Some of the preachiness about doctors and medicine in the Annual Report is weird for a non-profit-- they're highly critical of the medical profession:

(reasons why insurance costs are rising)

• More testing/defensive medicine. As a society, we are convinced that “more is better” and doctors overtreat to satisfy patient expectations and avert lawsuits.

• Duplication and waste. Our fragmented system’s lack of information sharing lends itself to expensive and potentially dangerous duplicate testing and treatment.

• The dysfunction of our overall system. Our system encourages doctors to practice defensive medicine and it rewards them for doing more.


Finally, I found this, from an Oregon news report about protests and arrests at Regence offices in Portland:

http://www.thelundreport.org/resource/police_arrest_twelve_at_regence

Last year, Regence – a non-profit health plan – took in $600 million in premiums. It spent 86 percent of those dollars on medical care.

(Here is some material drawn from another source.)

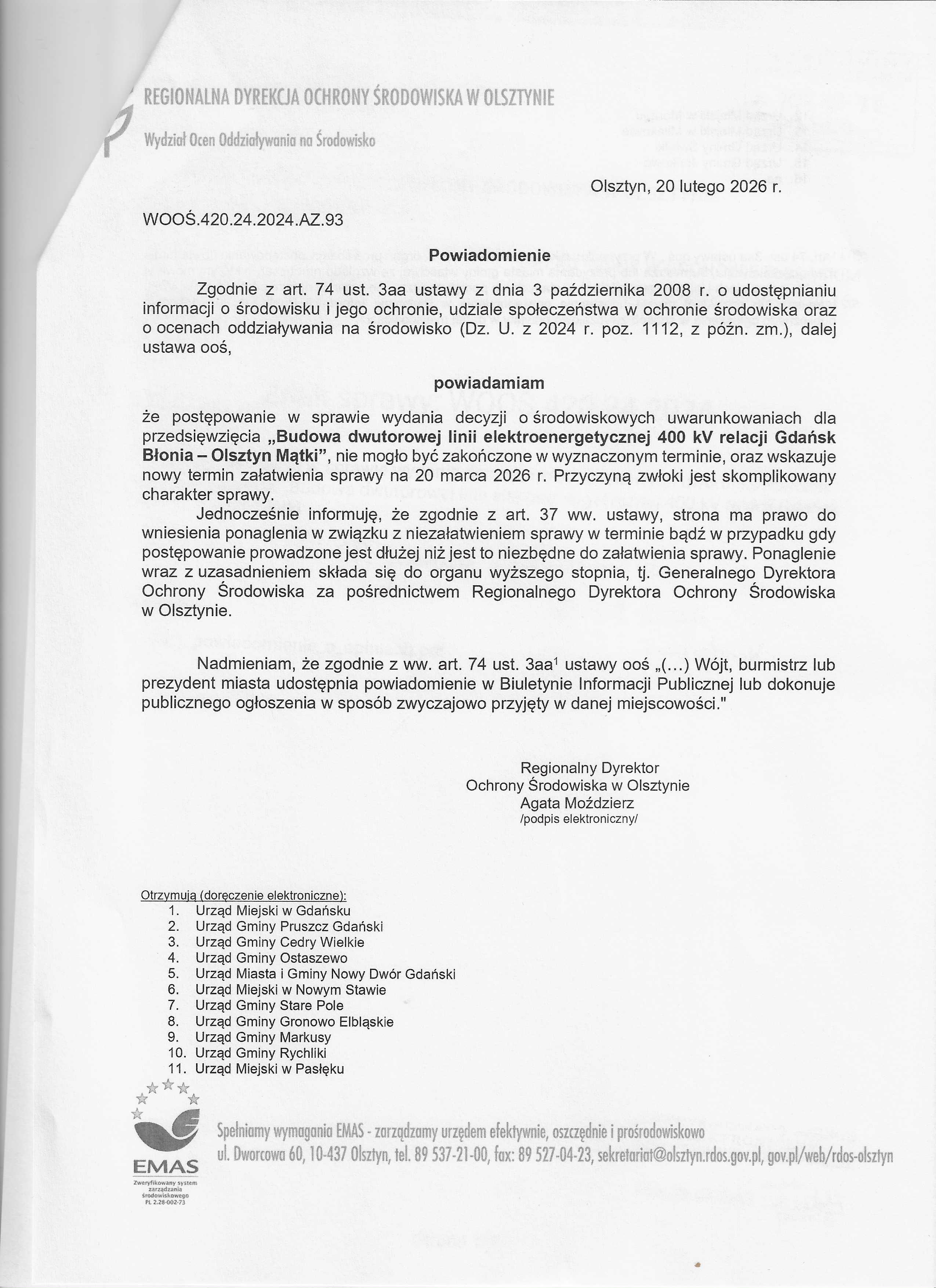 Powiadomienie RDOŚ w Olsztynie znak: WOOŚ.420.24.2024.AZ.93 z dnia 20.02.2026 r. o wydłużeniu terminu załatwienia sparwy dot. wydania decyzji o środowiskowych uwarunkowaniach dla przedsięwzięcia pn.: "Budowa dwutorowej linii elektroenergetycznej 400 kV relacji Gdańsk Błonia- Olsztyn Mątki".

In Oregon, it spent $42 million on administration, and paid its CEO Mark Ganz at least $1.8 million last year.

And while enrollment shrunk, premiums increased by 26 percent last year and 14 percent already this year.

Rejected for carpal tunnel

According to Gillian Hearst, Regence denied her husband, Patrick Collier, coverage for an individual health plan because of a pre-existing carpal tunnel syndrome.


Sure sounds more like the behavior of a for-profit insurance company. I keep seeing the words "non-profit" on their web sites, but they sure seem to be paying their executives a lot of money!